Second we need a damned plot.  Now Dawn of War had a rather predictable but enjoyable plot regarding the machinations of chaos.  Dawn of War 2 was really moby dick in power armor.  Space Marine is really chaos’s version of Punk’d. The villain is Ashton Kocher playing for chaos undivided.  So basically it was dry and lifeless from the start.  Now I’m realistic if Ashton Kocher was in 40k he’d definitely be playing for chaos. I’m not gonna lie chaos is the protagonist… sorry antagonist… slip of the tongue hehee.  Anyway chaos is in here, the names heresy after all.  But it’s not gonna be this obvious.

So we are gonna start with a beautiful cut scene of a bunch of candles.  Pan out to the main character bowed before an imperial shrine in the staff briefing room of a thunderhawk drop ship reciting a prayer to the emperor.  A squad of space marines file in, for practical reasons we are limiting your squad from act one.  You’ll have the grizzled battle veteran we’ll call him Julius, veteran of many battles he’ll give you sound military advice.  Then you’ll have Arthur, the ordnance specialist.  Arthur is also a veteran but he specializes in “Special weapons” like plasma guns and melta bombs.  Next is Cestus, the strong silent type, heavy scars and cybernetic reconstruction leave him totally unvoice acted, I mean mute.  But that’s fine his favorite chain sword does most of his talking.  And last you’ll have Trajian, the newbie.  Just promoted to the veteran company he is only a hundred and fifty, as a result he’s brash and headstrong always suggesting a frontal assault as the most honorable path.

I don’t care what chapter my marines are.  Personally I think choosing ultrasmurfs was a bad idea for Space Marine.  I don’t like smurfs that’s why I call them smurfs and why my blood angels exsanguinate them on sight.  Dawn of War had a better idea, make it custom.  The blood ravens were an awesome introduction and were played perfectly with a richly developed iconography and well done backstory.  Sure they get their homeworld blown up and basically half of them go evil but they were marketed well.  Now if we were going full RPG here I’d suggest before game starts you could forgo the build your own character generator in favor of a “chapter builder” choose color and iconography like dawn of war style to make it more fun for the fluff addicts among us.  Then if you use game rendered cinemas like a lot of these games now do you just stick the color scheme and icons in as appropriate.  If we are leaning towards shooter then any chapter will do but I’d say a custom or lessor developed chapter would be good.  Maybe one of the big named ones that isn’t played up in the game often like Salamanders or White Scars, the choice at this point changes an aesthetic for the marines more than anything else so whatever trips the developers trigger.

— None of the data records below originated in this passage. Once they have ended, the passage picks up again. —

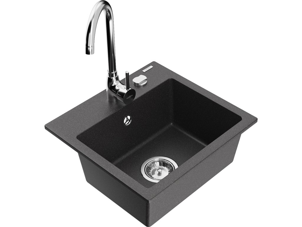 Granitový drez Mexen Milo s 1 misou a kuchynskou batériou Telma, čierna škvrna - 6505-76-670200-00
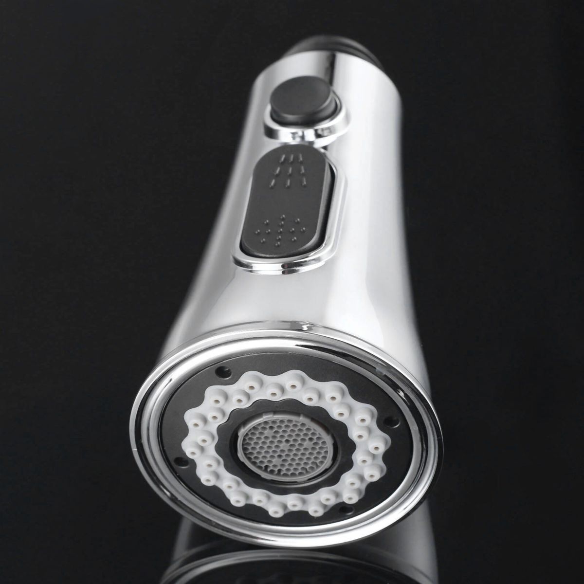 100% . The extremely robust and water-resistant. Replacement or spare spout head for kitchen sink mixer tap. Push on for 2 spray settings: rain and bubblin. ABS plastic materials and plating finish. Universal 1/2"" connection for attaching to the flexible pull out hose of a pull out spout kitchen Faucet. Easy to install and Clean. Color:Silver Material:ABS Interface: G 1/2"" standard connection Size:approx.52 x 84 x 21mm/2.04 x 3.30 x 0.82inch Note: The real color of the item may be slightly different from the pictures shown on website caused by many factors such as brightne of your monitor and light brightne.
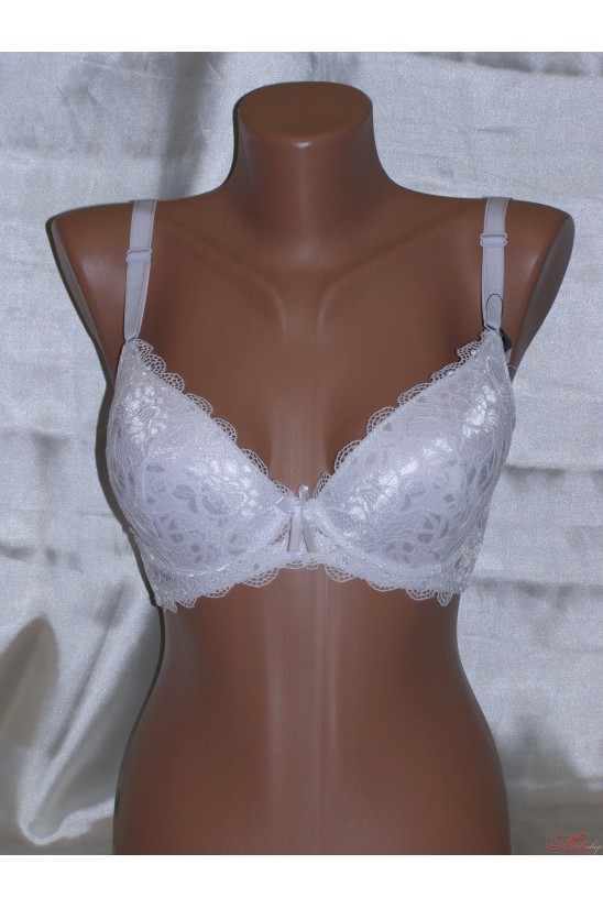 Бюстгальтер с кружевными чашками на тоненьком поролоне. Чашки на косточках,есть боковые косточки. Бретели сьемные. Застежка на один крючок в трех положениях.

The battle brothers wait for the end of the prayers and then begin a briefing.  The first briefing is about the tutorial part 1.  Basically your strike force has been deployed to fight… “insert 40k enemy here” I’d probably go with tyranids.  I like the nids and classic genestealer versus marines would start the game with a horror pace which would be awesome. The mission brief is your game hub where you decide what missions to do.  At first its only one mission but you’ll get more options here later.   The briefings would introduce the character personalities as the game gives you the option of what to do.  In the first one your mission is to extract some important people from a jungle death world that’s being overrun.  Trajian of course suggests landing on the research facility’s gantry,  Arthur suggests using defoliant weapons on the jungle first, and Cestus just polishes his chain sword.  Julius suggests a daring decent via Jump packs and a hike through the jungle to the facility followed by an exit through the roof of the facility’s main command tower.  All this is meant to set up the dynamics of the group and choose your starting load out.

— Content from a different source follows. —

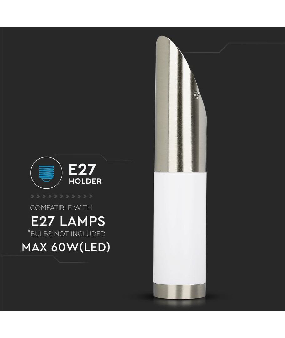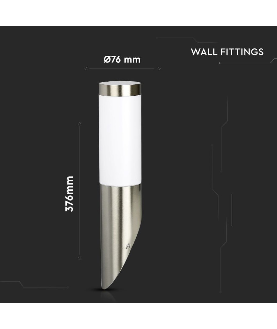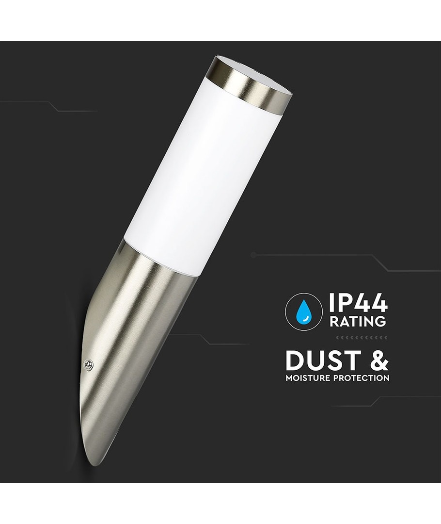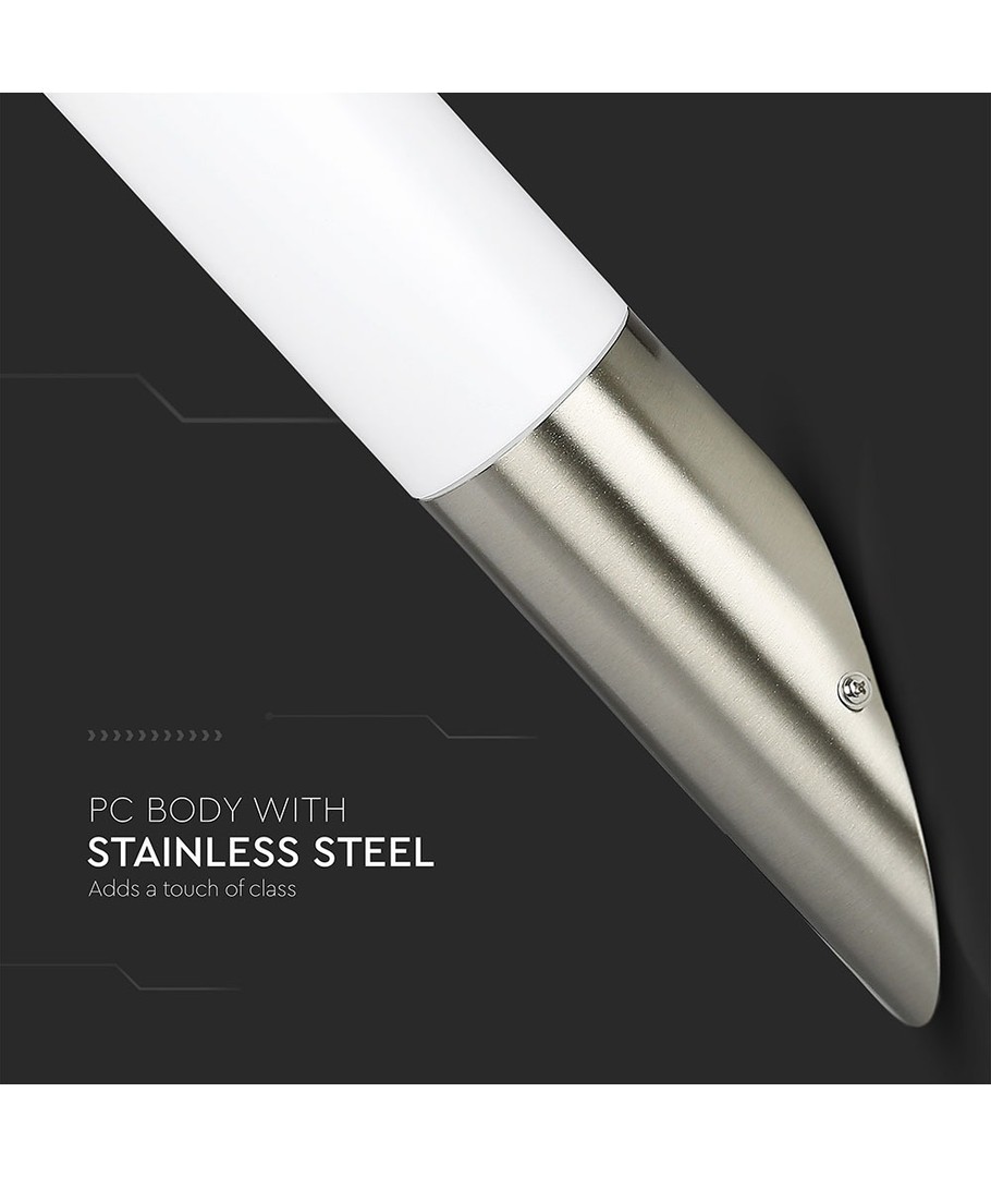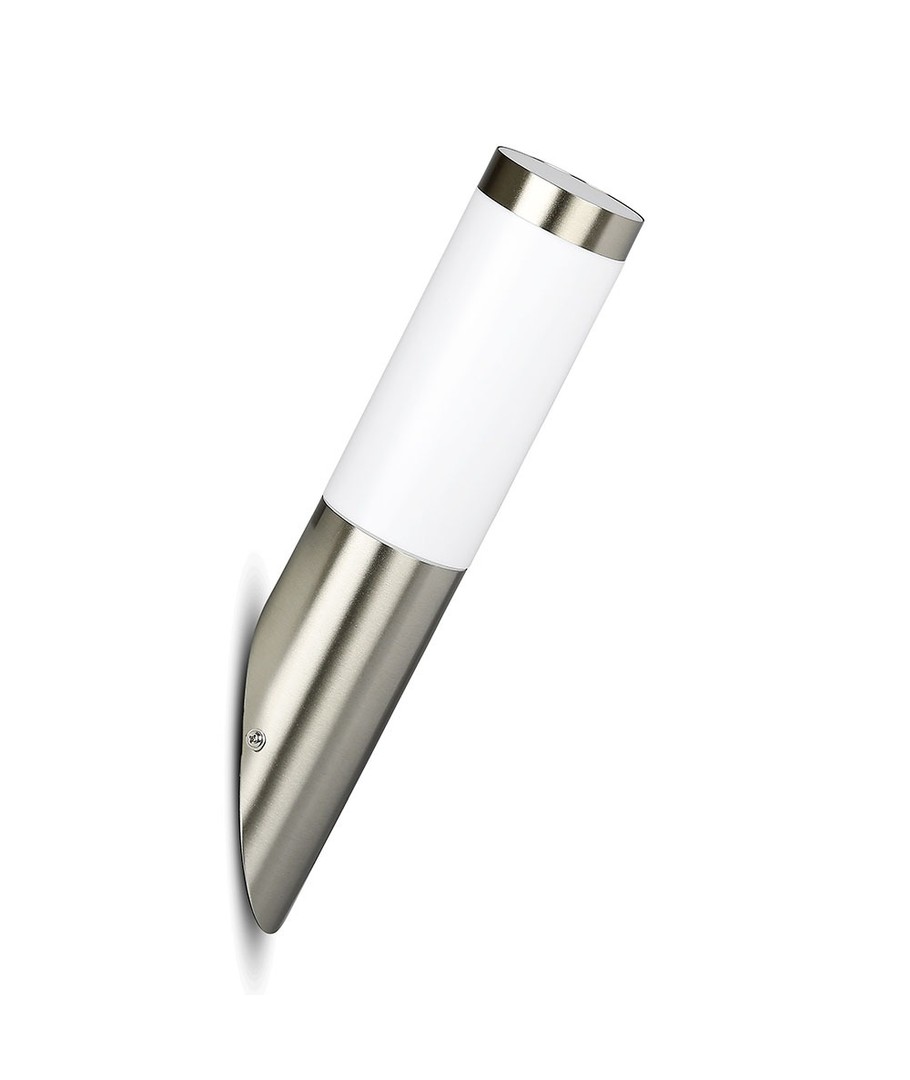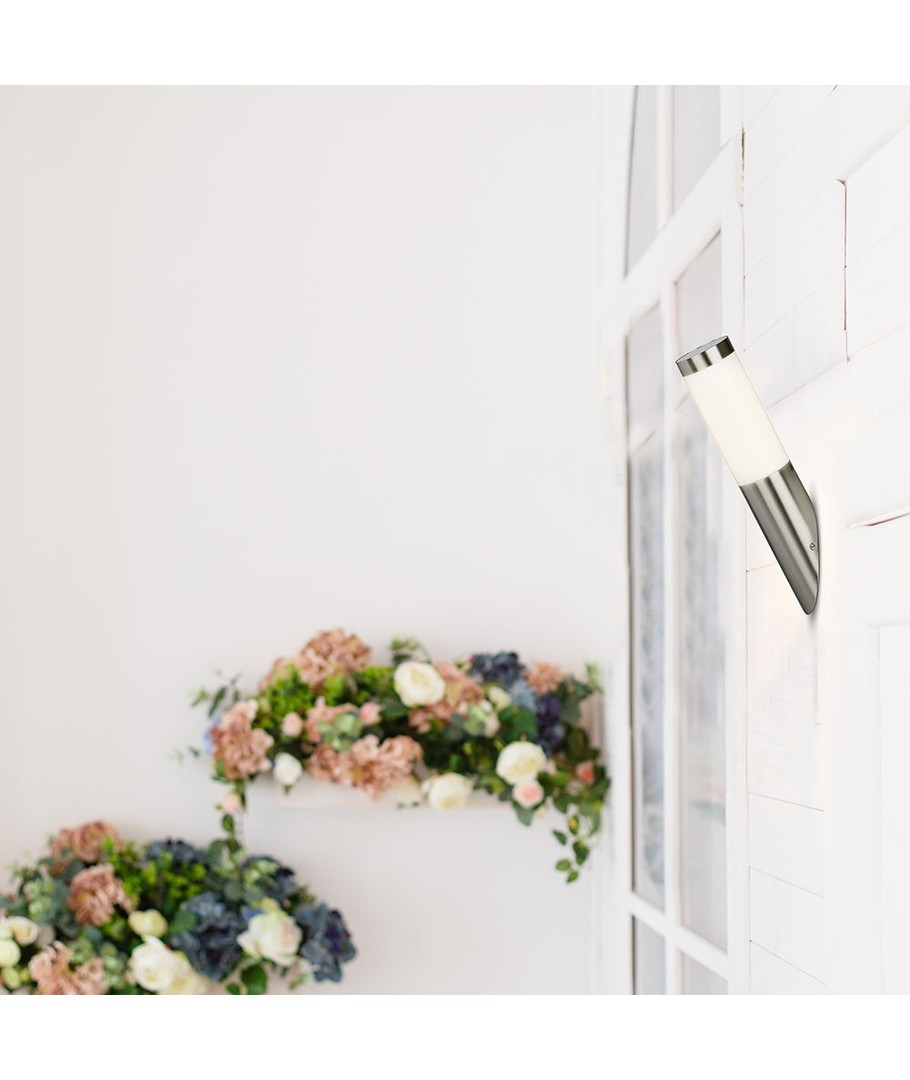 Lampan har en modern och minimalistisk design med ett hus i rostfritt stål, vilket ger den ett elegant utseende och utmärkt hållbarhet. Den diagonala vinkeln på lampan skapad för att optimera ljusspridningen och ge ditt hem en inbjudande atmosfär.

My basic idea is simple, you keep what you kill.  Your party will have the option to pickup equipment in game and return to the ship with it.  Once you complete a mission with equipment it appears in your inventory and you can buy upgrades, ammo, etc for it. Till then you’re out of luck.  So to start you choose, Daring landing pad raid and you get classic tactical marine load out. As defoliator you get slow and purposeful terminator armor with flamers and storm bolters. And before anyone cries about game balance I’d set up termi armor with some drawbacks, no running or jumping for one, probably no duck either so while tactical marines can go prone the termi’s just have to take gun fire.  Also a lot of weapons wouldn’t work with termi armor so there.  Lastly you’d go jump pack as assault marines with Bolt Pistol and CCW.  Sergeant would have a power sword by default and Arthur a Plasma pistol.

First play through you’d go Jump pack decent by default unless you opt out of the “Tutorial” mode.  But basic idea is you footslog through the jungle fighting predators and carnivorous plants as a tutorial followed by part 2 maybe 3 being added levels of real game play.  After you enter the deserted facility you start getting into real gamer fun.  Most of the science teams and general squishes are dead ala Doom style body shredding.  You get a signal from a survivor deep in a sublevel and proceed through some puzzling maze like corridors down into the structure while being attacked by genestealers, gaunts, and whatever else we feel like tossing at you.  Just for the hell of it the station’s machine spirits are going crazy and autoturrets try to kill you too.  Finally you get into the facility’s last secure lab and find an ordo xeno’s inquisitor we’ll call Andureal.  Inquisitor Andureal, a Jokuro scientist, and his guard staff of female inquisitorial storm troopers code named “Squadron Valkyr” are all that’s left of the station personnel.  You extract them through the station’s secure containment tunnels to the command tower only to have Mawloc or some similar Nid monster knock it down.  You regroup with some losses to Valkyr and battle instead to the landing pad where the thunderhawk awaits with the rest of your strike force.  But the inquisitor orders the group to abandon the planet which you dutifully do.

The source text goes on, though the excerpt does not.